L'équipe s'est intéressée aux motivations et aux barrières qui favorisent ou freinent les citoyennes et citoyens dans leur adaptation, en collaboration avec l'Institut national de santé publique du Québec (INSPQ). Parmi les comportements d'adaptation étudiés, on retrouve la surélévation des fondations, le remplacement d'un revêtement comme du tapis par de la céramique, ou l'installation d'un clapet antiretour.

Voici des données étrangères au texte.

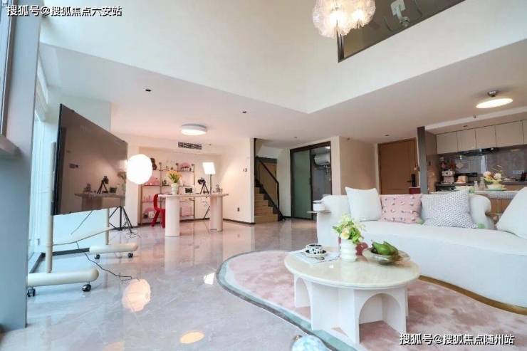 采用客厅、餐厅、厨房、阳台一体化设计(LDKB),减少墙体占用,南向面宽达7.2米,最大化采光与江景视野。空间可适配创意工作室、伴读家庭、直播基地等场景,满足居住、办公、投资多重需求。除双钥匙公寓外,项目同步推出80-95㎡空中跃墅,约5.4米挑空设计可改造为四房。
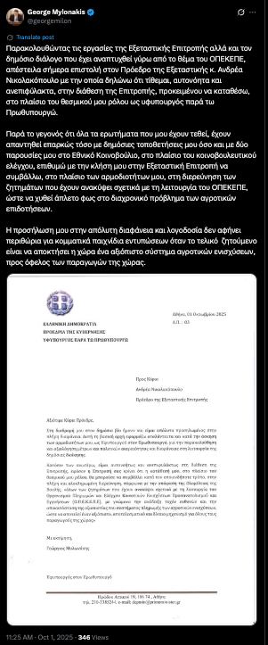 Σε ανάρτησή του στα social media με την οποία δημοσιοποιεί και την επιστολή προς τον Πρόεδρο της Εξεταστικής Επιτροπής για τον ΟΠΕΚΕΠΕ, ο Γιώργος Μυλωνάκης αναφέρει:
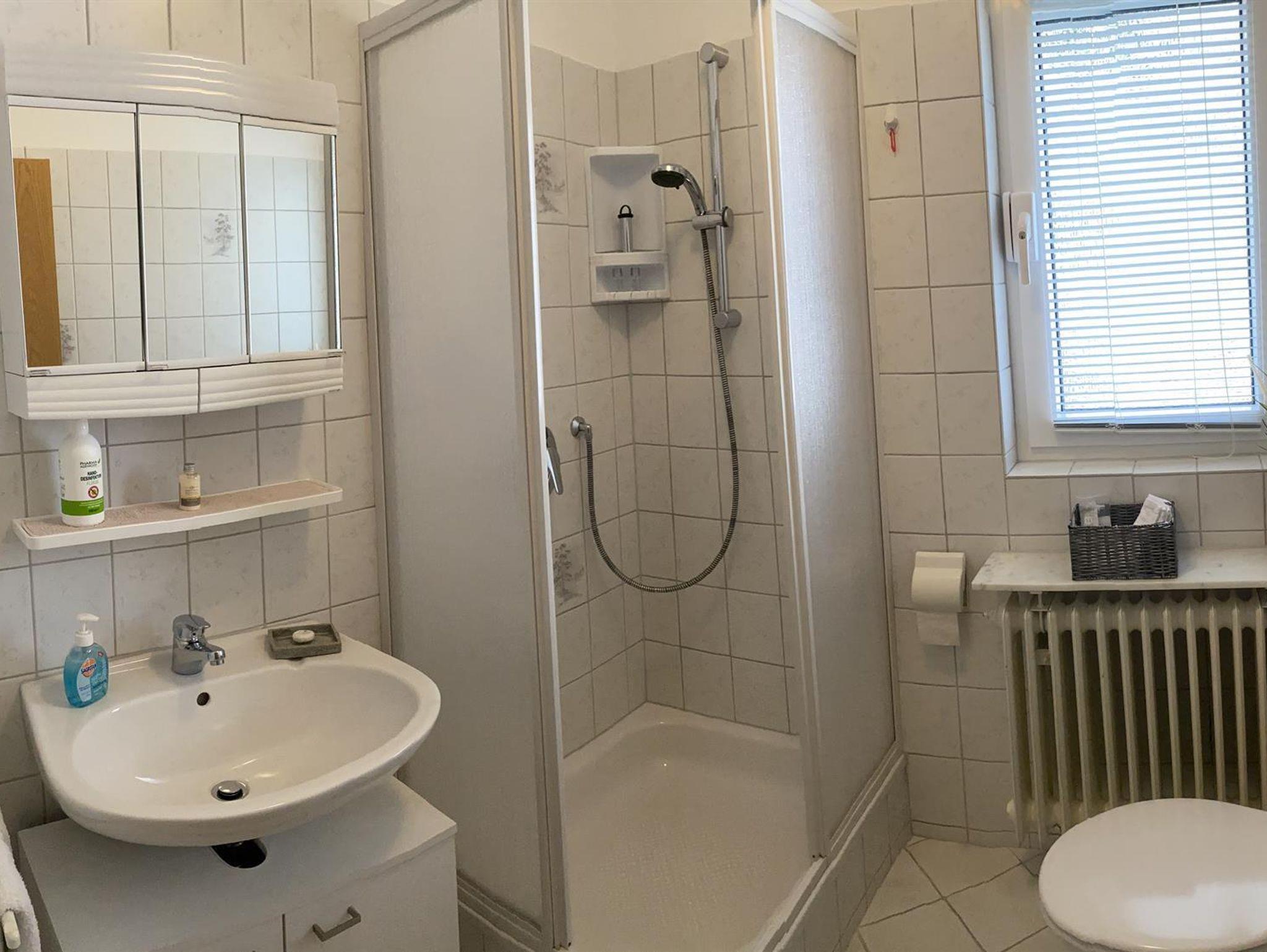 Dusche/WC mit Fenster, Handbrause; Waschtisch mit Spiegelschrank, Kosmetikspiegel, Fön;
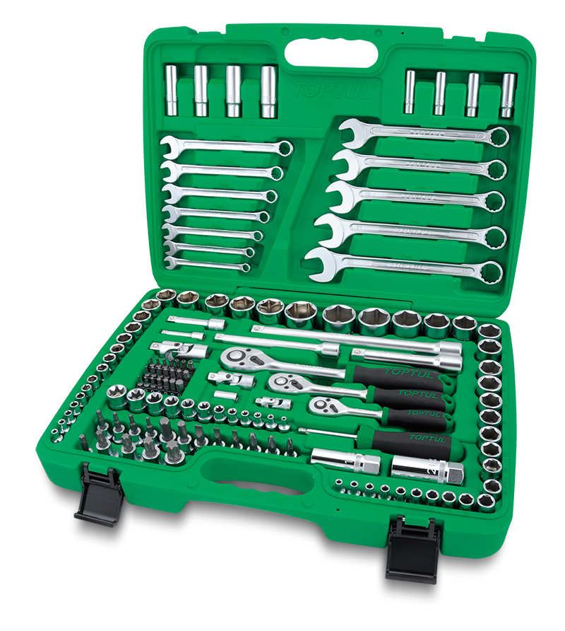 Набор инструментов в чемодане 1/4", 3/8", 1/2" 6-гр. дюйм и метрика,130 предметов, TOPTUL

«Il faut développer des messages pour changer les croyances des gens, mais c'est difficile. Même si les gens savent que ne rien faire peut être négatif, ils ne passent pas de l'intention à l'action», souligne Pierre Valois, professeur à la Faculté des sciences de l'éducation et directeur de l'Observatoire québécois de l'adaptation aux changements climatiques, qui a dirigé l'étude.
Des messages bâtis selon les croyances
Les interventions de santé publique seraient plus efficaces si elles étaient conçues pour renforcer les croyances positives et contrer les croyances négatives. Trois types de croyances peuvent motiver les individus à s'adapter et à se préparer aux inondations.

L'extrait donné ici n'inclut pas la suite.